## Your instructions
When you reach the line with "ФОТО. Оценки WhoScored" in the records below, begin transcribing exactly and continue up to and including the line with "world of characters.", leaving out every picture.

## Data provided
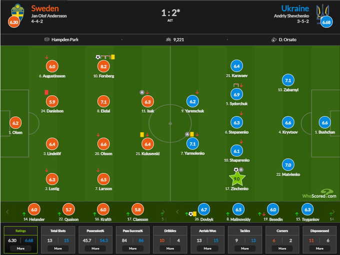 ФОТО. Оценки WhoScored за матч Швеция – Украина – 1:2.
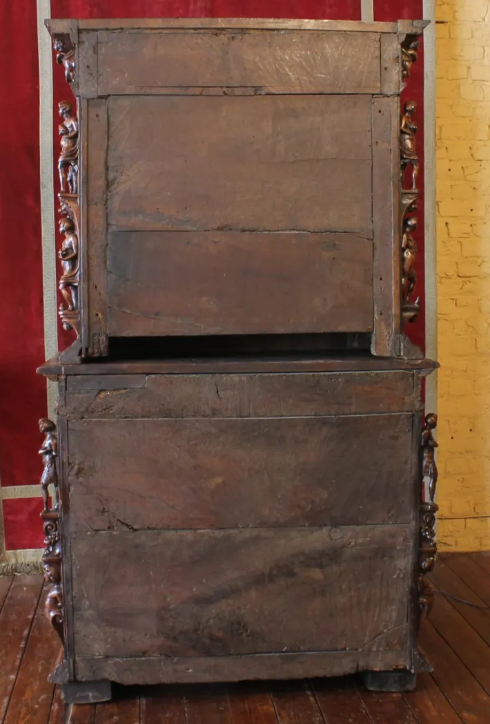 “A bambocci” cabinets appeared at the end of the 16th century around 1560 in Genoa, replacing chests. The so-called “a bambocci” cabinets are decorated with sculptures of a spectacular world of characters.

--

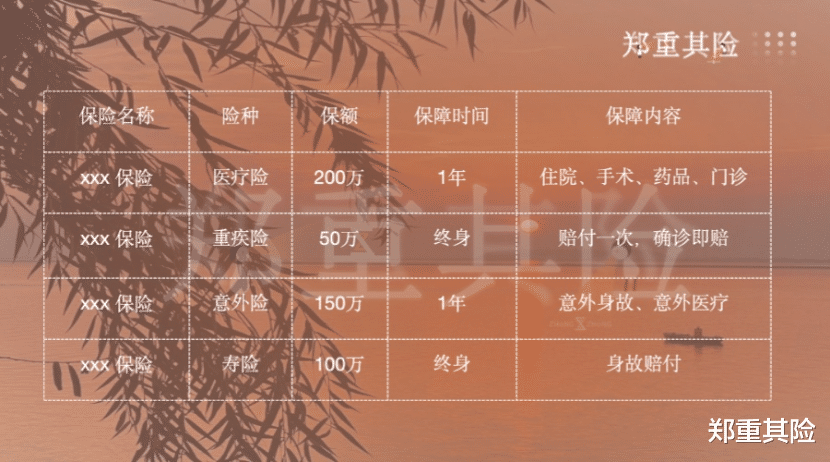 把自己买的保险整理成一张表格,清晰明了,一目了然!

## Solution to the exercise
 ФОТО. Оценки WhoScored за матч Швеция – Украина – 1:2.
 “A bambocci” cabinets appeared at the end of the 16th century around 1560 in Genoa, replacing chests. The so-called “a bambocci” cabinets are decorated with sculptures of a spectacular world of characters.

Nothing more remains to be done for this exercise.